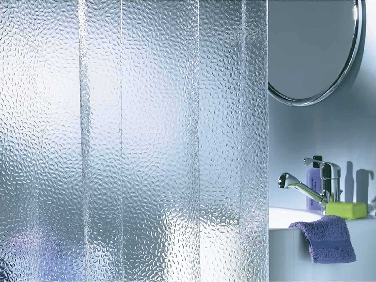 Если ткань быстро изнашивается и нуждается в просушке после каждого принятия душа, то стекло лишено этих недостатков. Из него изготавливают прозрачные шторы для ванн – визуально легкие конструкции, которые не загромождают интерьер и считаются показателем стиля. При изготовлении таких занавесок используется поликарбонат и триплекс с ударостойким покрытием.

==

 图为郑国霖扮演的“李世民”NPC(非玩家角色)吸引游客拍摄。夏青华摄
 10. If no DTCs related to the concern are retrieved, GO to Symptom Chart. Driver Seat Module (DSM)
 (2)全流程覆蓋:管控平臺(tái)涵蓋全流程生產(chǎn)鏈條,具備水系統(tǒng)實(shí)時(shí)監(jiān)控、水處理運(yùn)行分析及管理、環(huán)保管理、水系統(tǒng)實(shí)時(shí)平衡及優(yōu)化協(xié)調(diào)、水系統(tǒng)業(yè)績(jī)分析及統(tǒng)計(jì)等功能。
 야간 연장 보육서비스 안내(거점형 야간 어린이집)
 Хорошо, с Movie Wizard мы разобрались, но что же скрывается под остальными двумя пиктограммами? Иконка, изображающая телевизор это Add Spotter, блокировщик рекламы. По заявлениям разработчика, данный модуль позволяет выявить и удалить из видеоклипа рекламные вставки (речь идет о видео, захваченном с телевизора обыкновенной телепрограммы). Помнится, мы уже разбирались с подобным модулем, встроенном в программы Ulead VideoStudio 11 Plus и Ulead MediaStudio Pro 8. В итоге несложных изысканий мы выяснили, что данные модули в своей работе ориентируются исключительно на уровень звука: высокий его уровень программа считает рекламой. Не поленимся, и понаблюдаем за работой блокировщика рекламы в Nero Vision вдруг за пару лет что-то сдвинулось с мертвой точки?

> **Exercise objective**
All that is wanted is a faithful reproduction of the line above with "(2)全流程覆蓋:管控平臺(tái)涵蓋", the line with "야간 연장 보육서비스 안내(거점형 야간 어린이집)", and every line in between.

> **Response below**
 (2)全流程覆蓋:管控平臺(tái)涵蓋全流程生產(chǎn)鏈條,具備水系統(tǒng)實(shí)時(shí)監(jiān)控、水處理運(yùn)行分析及管理、環(huán)保管理、水系統(tǒng)實(shí)時(shí)平衡及優(yōu)化協(xié)調(diào)、水系統(tǒng)業(yè)績(jī)分析及統(tǒng)計(jì)等功能。
 야간 연장 보육서비스 안내(거점형 야간 어린이집)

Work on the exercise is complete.